** Opening Data segment block **
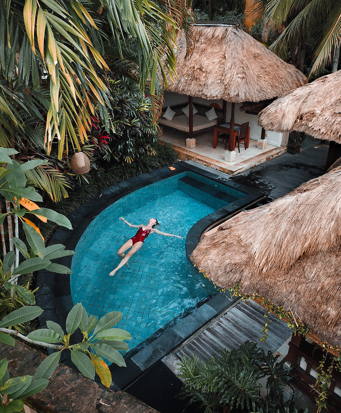 — Kompleks basenów zacieniony drzewami.
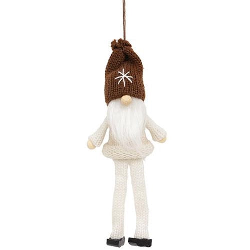 The Mini Brown & White Gnome is a decorative wooden and plush gnome doll figurine with white knit dangle legs. The gnome has a fuzzy white beard and wears an ivory knit sweater, as well as a brown knit beanie with a stitched snowflake design. The ornament includes a brown string hanger to use for display, bringing a whimsical, wintry touch to a Christmas tree during the holiday season. Measures 7” high by 3” wide by 2” deep.
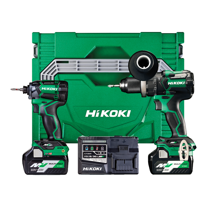 HiKOKI 36V Brushless Impact Drill & Impact Driver Kit featuring best-in-class power and performance from the DV36DC 36V 155Nm Impact Drill paired up with our legendary WH36DC 36V 215Nm Triple Hammer Impact Driver.
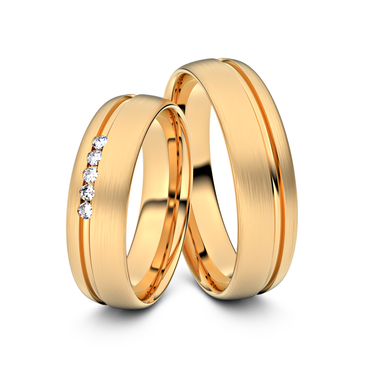 „Das Material ist aus 333er rosegold. Im Damenring finden wir einen Steinbesatz mit 5×0.01ct. Die Oberfläche ist auf Wunsch poliert oder mattiert. Die Breite beträgt 5.5mm und die Stärke beträgt 1.4mm. Alle Ringe werden in unserer eigenen Manufaktur hergestellt und innherhalb von 6-15 Tagen an Sie versendet.“
** Closing Data segment block **
Only the lines from the one with "HiKOKI 36V Brushless" through the last line above belong in the answer. Reproduce them exactly, without the pictures.

 HiKOKI 36V Brushless Impact Drill & Impact Driver Kit featuring best-in-class power and performance from the DV36DC 36V 155Nm Impact Drill paired up with our legendary WH36DC 36V 215Nm Triple Hammer Impact Driver.
 „Das Material ist aus 333er rosegold. Im Damenring finden wir einen Steinbesatz mit 5×0.01ct. Die Oberfläche ist auf Wunsch poliert oder mattiert. Die Breite beträgt 5.5mm und die Stärke beträgt 1.4mm. Alle Ringe werden in unserer eigenen Manufaktur hergestellt und innherhalb von 6-15 Tagen an Sie versendet.“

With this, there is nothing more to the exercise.